Scientists closer to a more stable superheavy element
Berkeley researchers have produced a brand-new version of the man-made element 114 that decayed into five more novel atoms, a feat that brings them closer to their ultimate goal of making a superheavy element that can last for more than fractions of a second.
Researchers have so far made elements with atomic numbers as high as 118 in their search for the so-called Island of Stability, whose residents might have unusual and useful properties. But so far, all of these elements have been short-lived.
It now appears that a stable superheavy element will need to have an atomic number in the 120s — meaning that it must contain at least 120 protons. Creating such a huge atom is beyond the scope of today’s technology.
In the meantime, researchers hope to refine their theories by studying new versions, or isotopes, of superheavy elements that have already been created, such as the as-yet-unnamed element 114.
“With each new isotope one can discover and get information about, we get more points to compare experiment with theory,” said physicist Paul A. Ellison of the Lawrence Berkeley National Laboratory, lead author of the paper describing the six new isotopes in Friday’s edition of the journal Physical Review Letters.
The theory governing decay of superheavy elements “did pretty well … but there were some discrepancies,” he said. “It’s possible the model needs to be revised.”
Element 114 was the starting point for the new experiment. It was first created 11 years ago by researchers at the Joint Institute for Nuclear Research in Dubna, Russia. Its existence was confirmed last year by the Berkeley team, who bombarded plutonium isotopes containing 148 neutrons with calcium isotopes that had 28 neutrons using their 88-inch cyclotron.
They identified four different isotopes of element 114 that contained 172 to 175 neutrons, with lifetimes ranging from a tenth of a second to two seconds.
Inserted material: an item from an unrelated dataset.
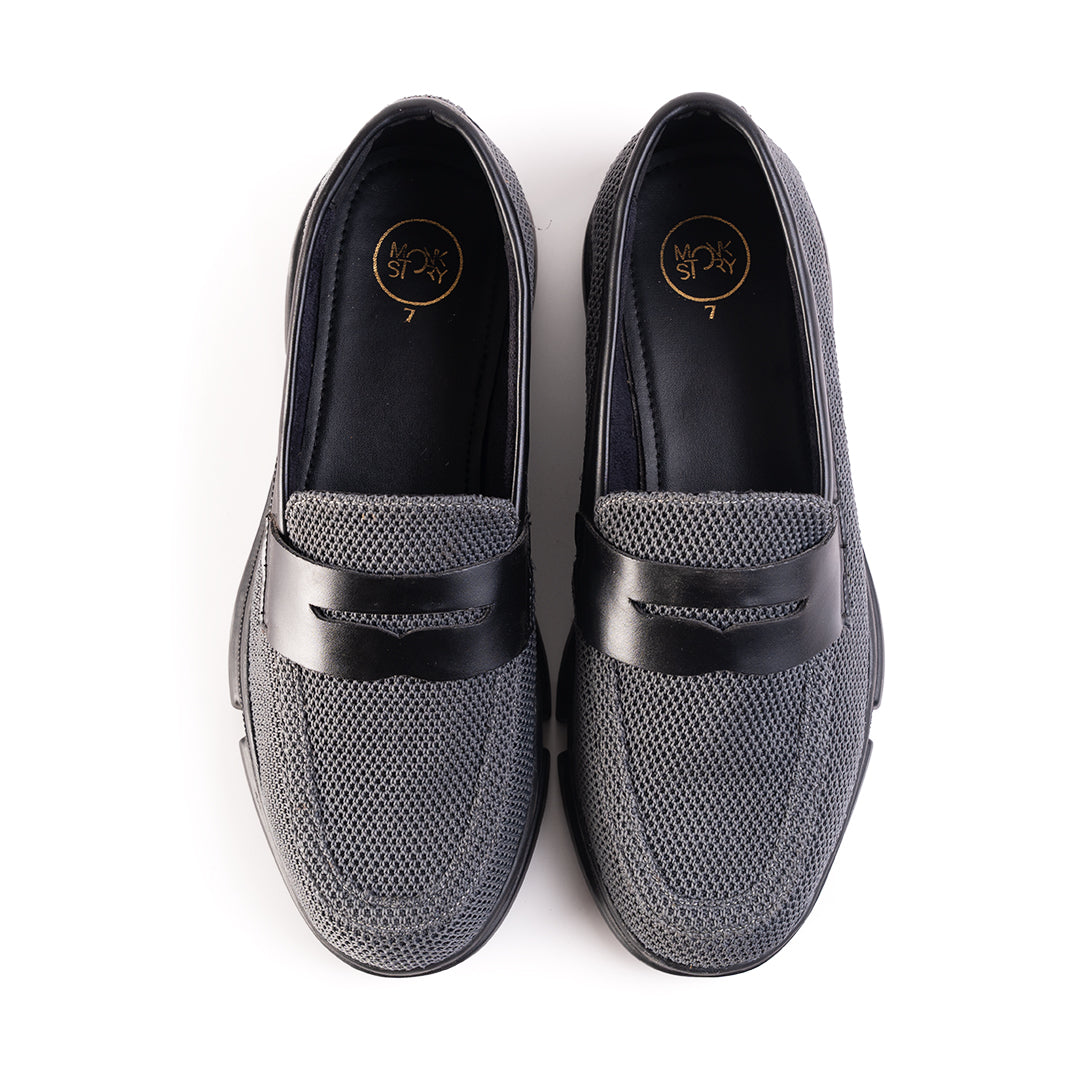 Engineered for lightness. Styled for every setting. The Monkstory Gravity Lift Mesh Loafers in Grey Mesh & Black bring together breathable comfort, sharp detailing, and our signature Gravity Lift™ sole—so you can stay on your feet, in style, all day long. With its modern penny loafer silhouette and tech-knit upper, this is footwear reimagined for the fast-moving, fashion-conscious man.

Each of these atoms decayed by spontaneous fission — breaking down into two more or less equally sized fragments — or went through one or two alpha decays before fissioning. An alpha decay, which provides more information to researchers, involves the release of two protons and two neutrons — essentially, a helium nucleus.
The ideal isotope would have 114 protons and 184 neutrons. Theory predicts that such an atom would be unusually stable, able to survive long enough for scientists to study its properties.
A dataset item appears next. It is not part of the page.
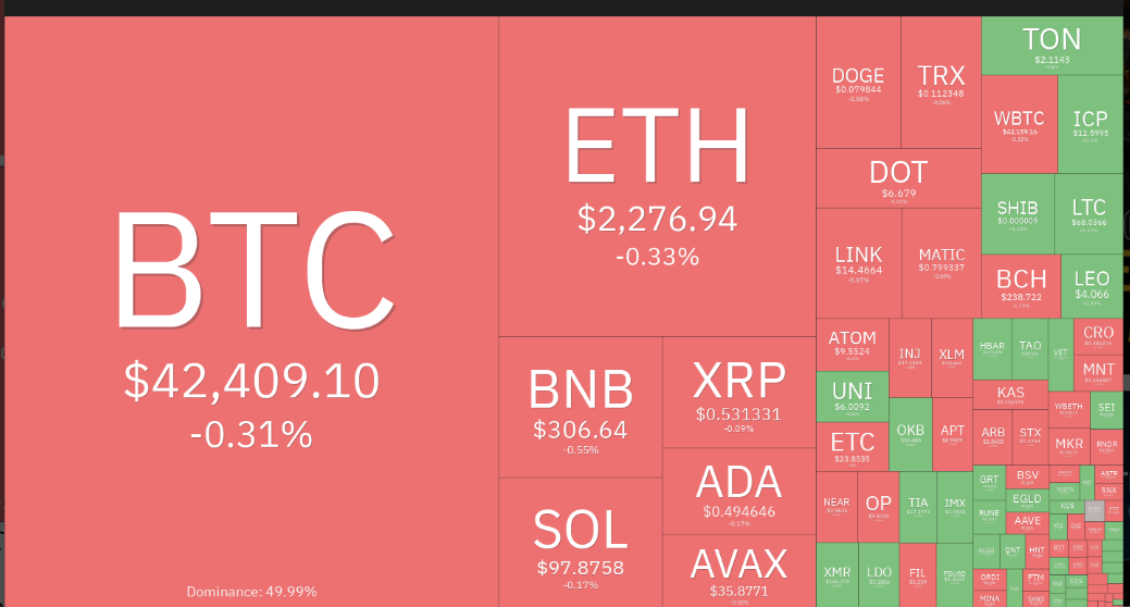 Bitcoin is exploring a range between $38,000 and $49,000, creating opportunities for altcoins like SOL, AVAX, RNDR, and SUI to potentially move higher.

But to make it, scientists need to bombard plutonium atoms (which contain 94 protons) with radioactive isotopes of calcium (provider of the remaining 20 protons). A particle accelerator powerful enough to do that is being built at Michigan State University, but it will not be ready for some time.
For the new experiment, Ellison and his colleagues reasoned that they could learn more about element 114 by producing a version with fewer neutrons that would be forced to go through alpha decays. To do that, they bombarded the plutonium with the calcium at a higher energy so that a resulting collision would have to bleed off five neutrons. They knew that their odds of success were only 20% as good as they were in their prior experiments to confirm the existence of element 114, he said.
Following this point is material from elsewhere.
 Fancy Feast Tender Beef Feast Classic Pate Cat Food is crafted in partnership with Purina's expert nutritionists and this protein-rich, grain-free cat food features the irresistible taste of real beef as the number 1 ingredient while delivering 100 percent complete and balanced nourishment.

They ran the cyclotron for a full month, achieving precisely one positive result.
That collision produced an atom of element 114 with the desired atomic weight of 285 (171 neutrons), which decayed in less than a fifth of second and became copernicium-281. That decayed in less than a fifth of a second to darmstadtium-277, which lived a mere 0.008 seconds before becoming hassium-273. That, in turn, lasted a third of a second before becoming seaborgium-269, which made it three minutes and five seconds before emitting an alpha particle to become rutherfordium-265. That final atom lasted 2.5 minutes before fissioning.
Although there was only one event, “it all happened very rapidly in the very same spot of the detector and is a fingerprint-like signature, so we are very sure it is real,” Ellison said.
The heaviest new isotopes — those of element 114 and copernicium — showed smaller energies associated with the alpha decay than theory had predicted, Ellison said. Those discrepancies will help refine current theories about the Island of Stability, he concluded.